Bedrock
People are often surprised by how many people work at CERES – last year over 300 people were on the payroll.
CERES draws people – some come to work for a year or so leaving to continue careers elsewhere, others stay for decades forming a kind of human bedrock that the place grows upon.
If you walk around CERES Park in Brunswick East every building including the giant millipede in the playground has been made, improved, fixed or rebuilt in some way by Adrian Mathie (that’s Adi hamming it up above).
For all the work Adrian did improving the infrastructure around CERES the bedrock he leaves behind is not a built one but a human one.
Throughout the 80’s and 90’s Adrian was a master builder running his own building business.
The impending housing boom of the early 2000’s meant the Australian dream was at Adrian’s fingertips. He had the whole deal – an expensive car, a trophy house, the boat, the overseas holidays – waiting there right in front him.
Instead he chose a connected life – a life in service to people and place.
In 2002 Adrian left his building company behind to work at CERES on a pilot program for young adults living with an intellectual disability that would continue on for the next two decades.
Over that time Adrian lived in a modest house and came to work each week in a white Falcon panel van.
His belief in the universal benefit of a workplace open to all abilities was unshakeable.
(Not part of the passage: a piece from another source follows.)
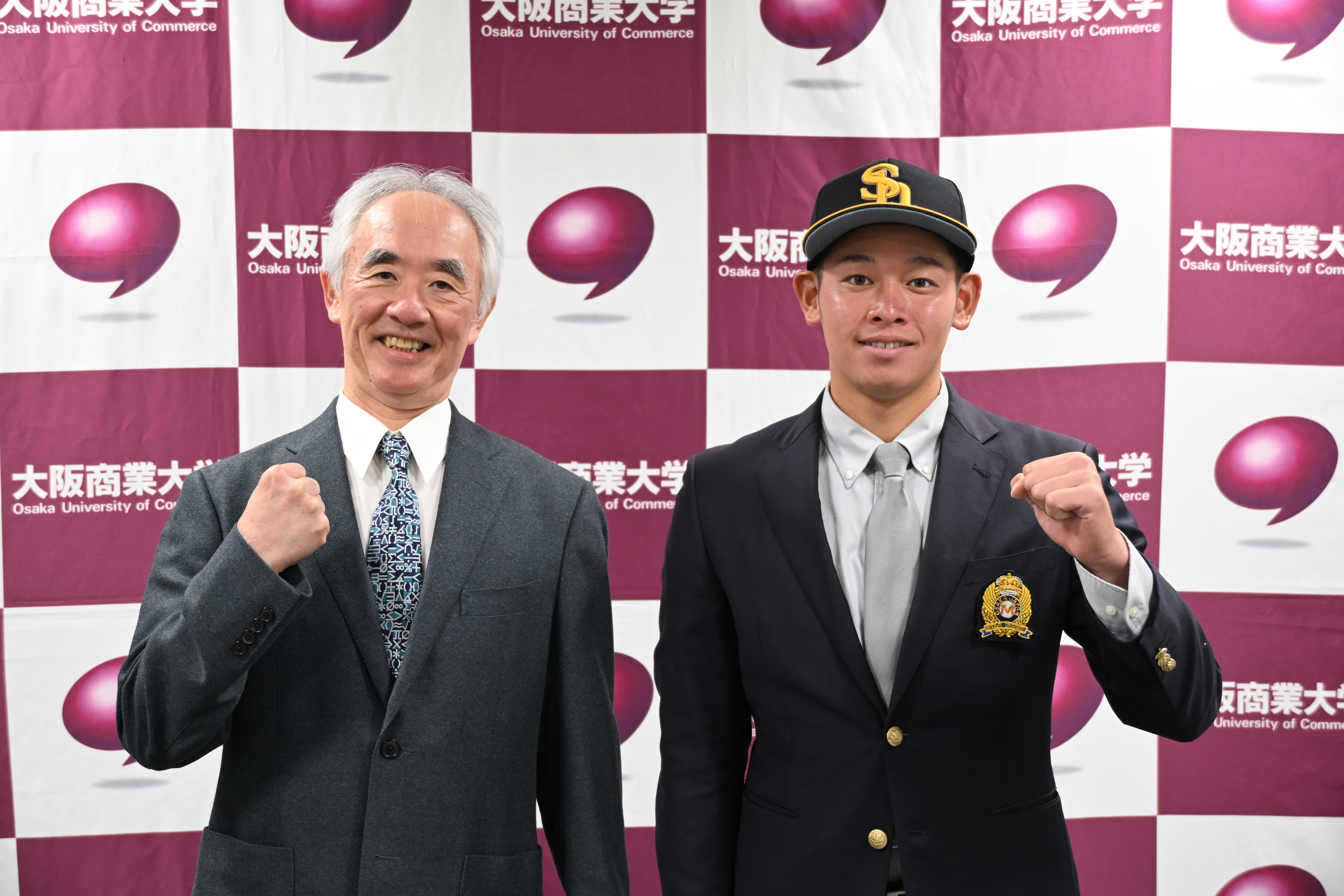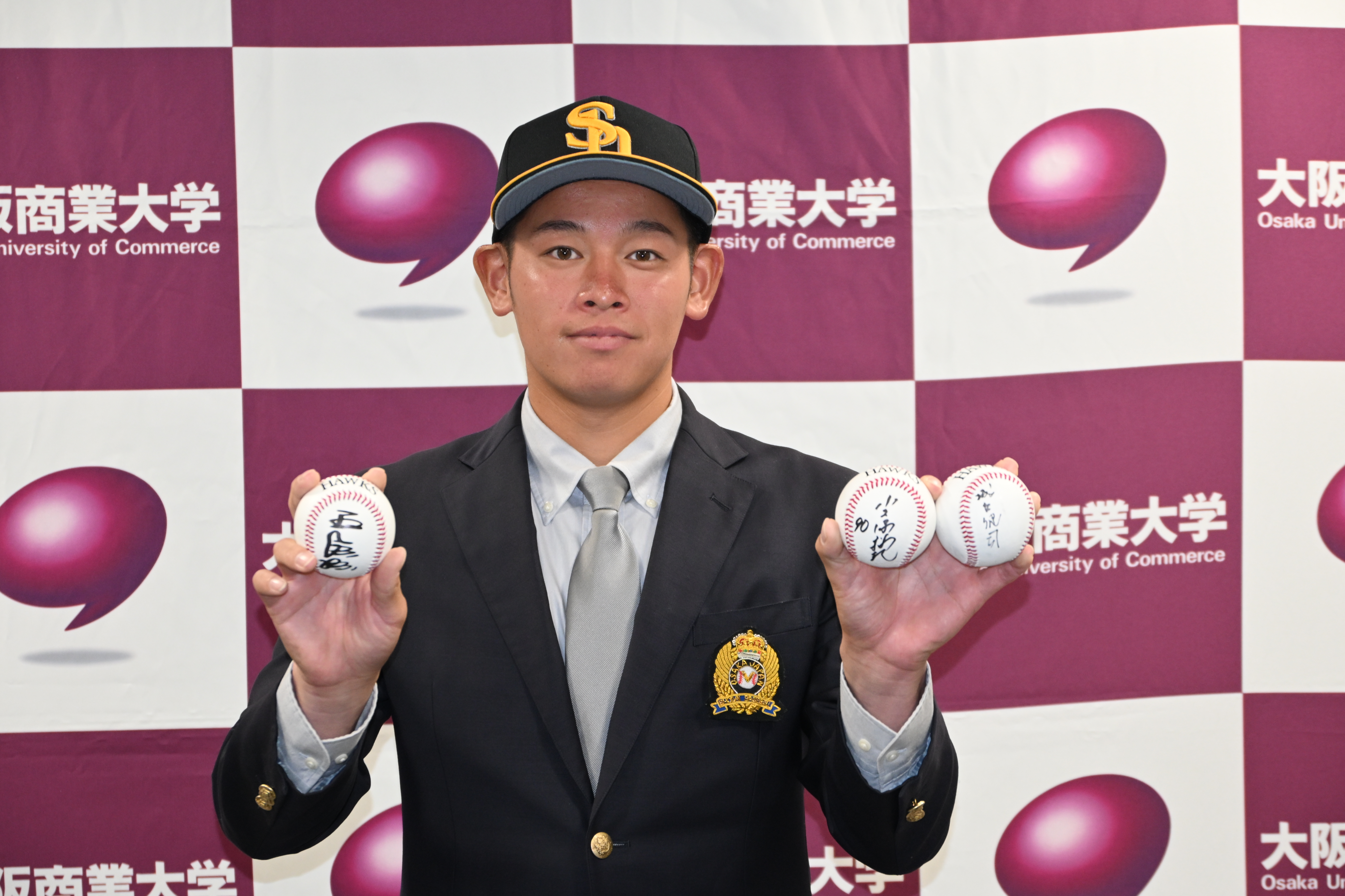 10/29(水)、本学にて、福岡ソフトバンクホークスからドラフト3位指名を受けた硬式野球部の鈴木豪太投手(公共4)が、球団より指名挨拶を受けました。

That CERES was a public place only made that more so.
A man of huge empathy and energy – after a day at CERES Adrian would often continue working into the evening one-on-one with past and present members of his CERES crew.
And like his business he always put people ahead of money – you could count on Adrian to back the underdog, employing a disarming wit and a wry way with words to fight for his crew, his colleagues or the Park.
It’s what made people love him.
Adrian’s choice of life connection over material comfort made more than twenty years ago is one we increasingly find ourselves facing, which only makes me admire his courage and foresight all the more.
This weekend after a long illness, Adrian Mathie died – he will be badly missed, but he’ll continue to live at CERES in the people and places he gave himself so freely to.